Es decir, que comienza el escándalo a nivel también masivo, y con ello, las triquiñuelas para evitar secuestros y censura. Por ejemplo, las revistas se camuflan de documentos sobre naturismo o arte, trucos que copiará el cine en los años cincuenta con las famosas y hoy encantadoramente ingenuas nudies. Para la segunda mitad del siglo XX, las pin-ups de los calendarios pasan a las páginas de revistas como ‘Playboy’, que siguen inventando subterfugios para no ser confundidas con sucias obscenidades. En el caso de la revista de Hugh Hefner, se vende como revista de estilo de vida para caballeros.

A partir de ahí y hasta finales de siglo las revistas se convirtieron en cámaras de resonancia de lo que estaba permitido y lo que no, y funcionan perfectamente como termómetro de los gustos y las fantasías (primordialmente masculinas) durante décadas. Por ejemplo, la también revolucionaria ‘Penthouse’, a partir de a década de los sesenta, empezó a mostrar vello púbico y las modelos miraban de reojo al lector, como si su presencia fuera secreta.

Hustler
El editor de ‘Hustler’, Larry Flynt.

El caso más claro de revista que funcionó como rompeolas de la moralidad imperante fue ‘Hustler’. Su director, Larry Flint, se convirtió en peculiarísimo icono de la libertad de expresión: él (y sus lectores) querían mostrar más y más carne desnuda, con ocasionales incursiones en el fetichismo suave. Sus conflictos con la justicia y juicios por obscenidad fueron abanderados del lado combativo de la pornografía: ésta era arte. Y como todo arte, tenía una política.

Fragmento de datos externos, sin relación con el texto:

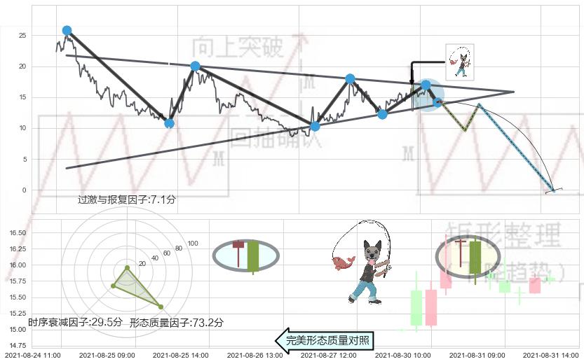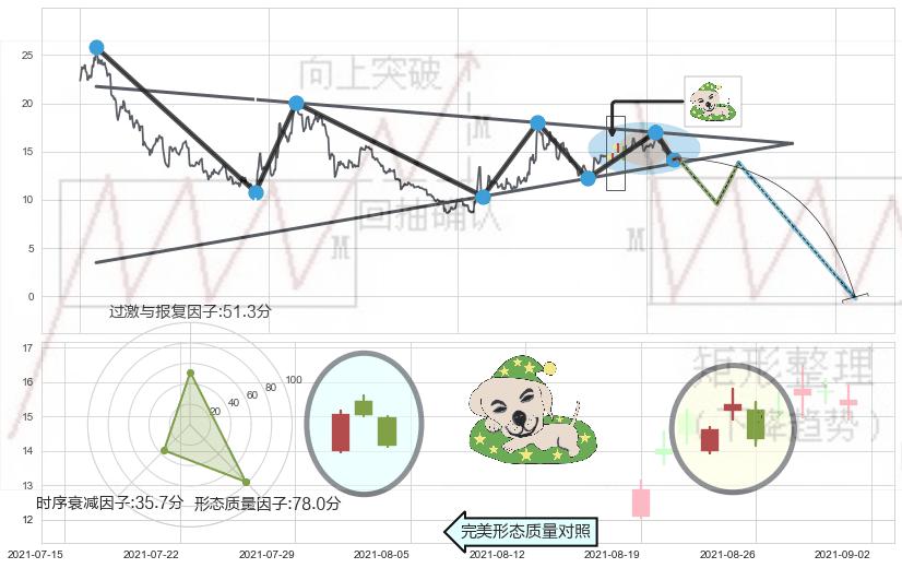 ➢ 升楔型支撑破位转换阻力下跌 🔜 下跌矩形整理临近支撑猜想转换阻力下跌 综合量化分数:35.01 【强烈看空】
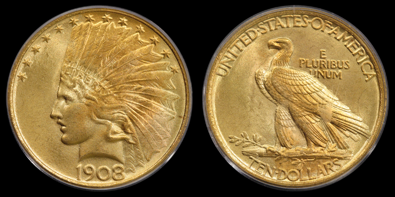 $10 1908 NO MOTTO PCGS MS66
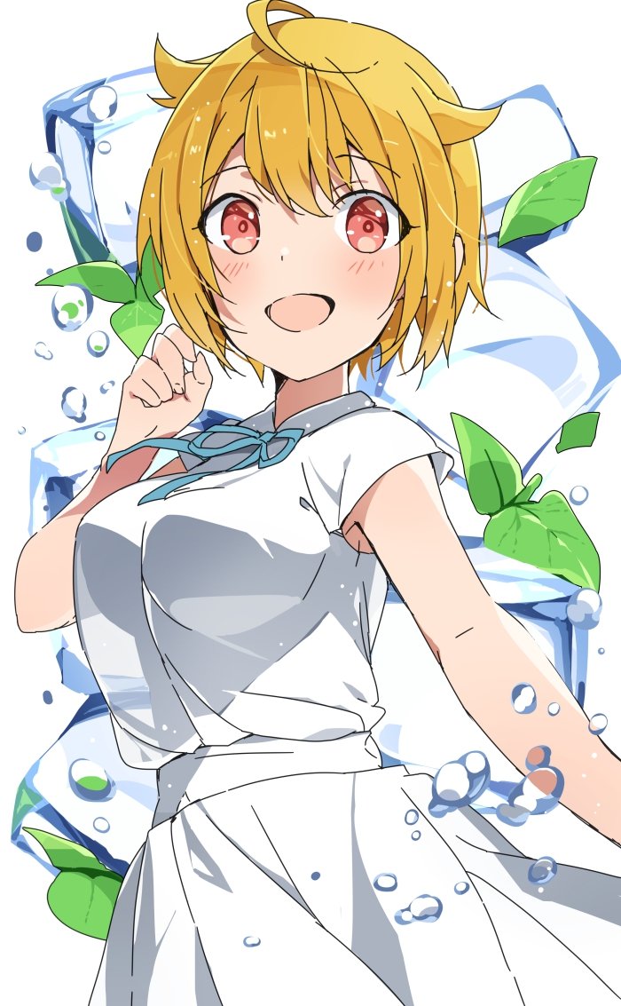 1girl ahoge air_bubble blonde_hair blue_ribbon blush breasts bubble dot_nose dress hair_between_eyes hand_up ibuki_tsubasa ice ice_cube idolmaster idolmaster_million_live! idolmaster_million_live!_theater_days large_breasts looking_at_viewer mint mochigome_(ununquadium) neck_ribbon open_mouth red_eyes ribbon short_hair short_sleeves smile solo white_dress

El porno audiovisual: ¿acabó la lucha?

En 1896, la filmación de un sencillo beso (el clásico de William Heise entre John Rice y May Irwin) era considerado obsceno) levantó un escándalo sin precedentes. A mediados de siglo, la pícara coquetería de Bettie Page o las modelos de ‘Playboy’ eran problemáticas. Hemos repasado el choque de la pornografía impresa con lo que se entendía como “obsceno” en cada momento. ¿Y hoy? ¿Es esa la vía que puede encontrar el porno para sobrevivir? ¿Dinamitar la moral de la época? ¿Qué tabú estamos reventando ahora?